-- Problem details --
Copy out exactly, from the entries that follow, the line holding "无心插柳柳成荫。还有国晟科技", the line holding "LOCKING: KS0040E –", and all lines between them, but no pictures.

-- Data supplied --
+ + +

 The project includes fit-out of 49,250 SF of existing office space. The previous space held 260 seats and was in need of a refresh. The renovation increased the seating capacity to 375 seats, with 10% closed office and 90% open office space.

+ + +

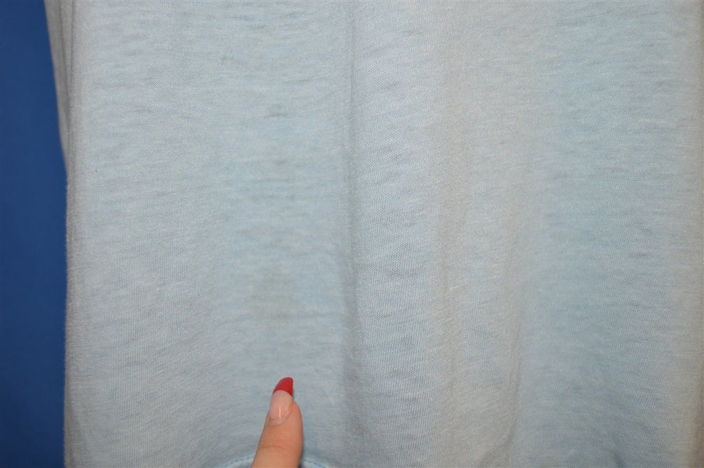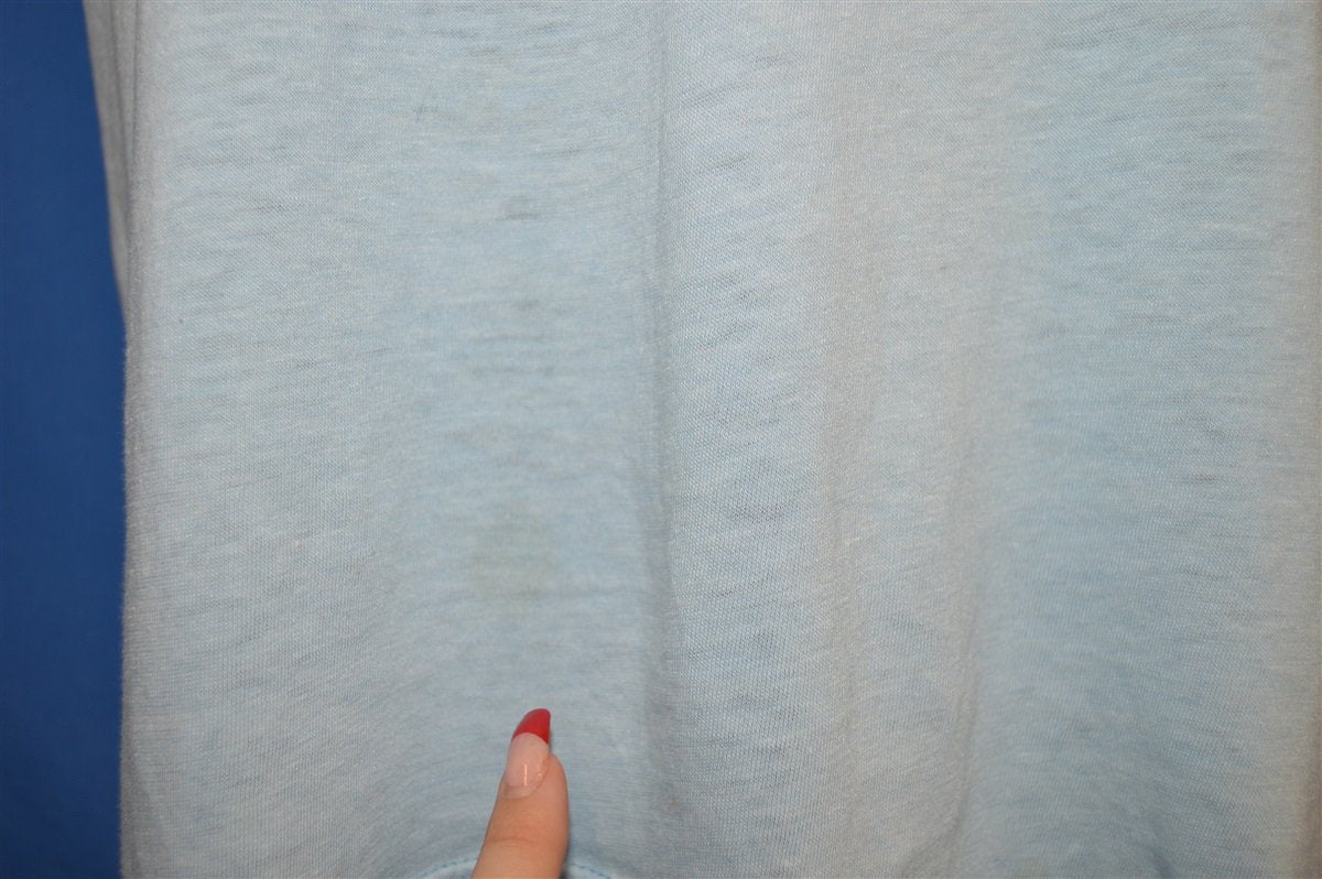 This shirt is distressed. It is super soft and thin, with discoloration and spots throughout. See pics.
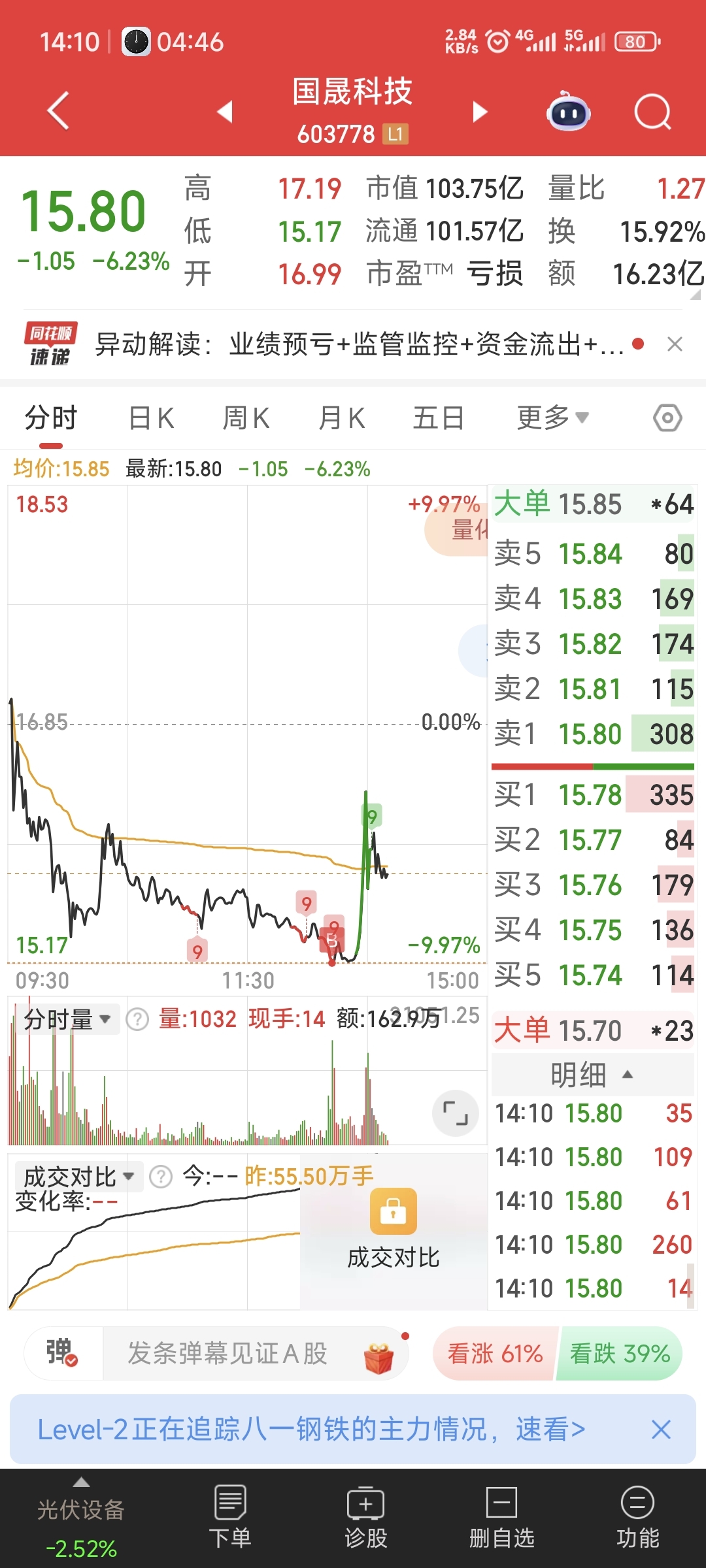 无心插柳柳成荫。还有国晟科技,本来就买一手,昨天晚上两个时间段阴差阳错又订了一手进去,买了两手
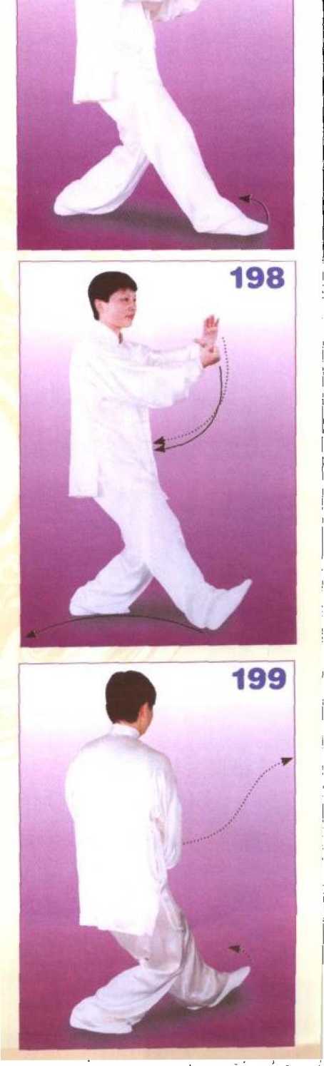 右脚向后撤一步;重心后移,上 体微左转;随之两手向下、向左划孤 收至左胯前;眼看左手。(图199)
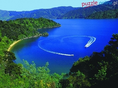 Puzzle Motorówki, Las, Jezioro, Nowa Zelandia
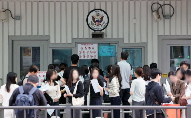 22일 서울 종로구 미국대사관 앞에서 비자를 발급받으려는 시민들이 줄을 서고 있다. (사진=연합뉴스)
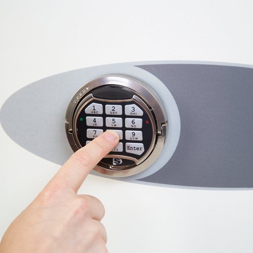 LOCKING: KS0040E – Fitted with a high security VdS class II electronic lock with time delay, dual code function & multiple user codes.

+ + +

-- Exercise response --
 无心插柳柳成荫。还有国晟科技,本来就买一手,昨天晚上两个时间段阴差阳错又订了一手进去,买了两手
 右脚向后撤一步;重心后移,上 体微左转;随之两手向下、向左划孤 收至左胯前;眼看左手。(图199)
 Puzzle Motorówki, Las, Jezioro, Nowa Zelandia
 22일 서울 종로구 미국대사관 앞에서 비자를 발급받으려는 시민들이 줄을 서고 있다. (사진=연합뉴스)
 LOCKING: KS0040E – Fitted with a high security VdS class II electronic lock with time delay, dual code function & multiple user codes.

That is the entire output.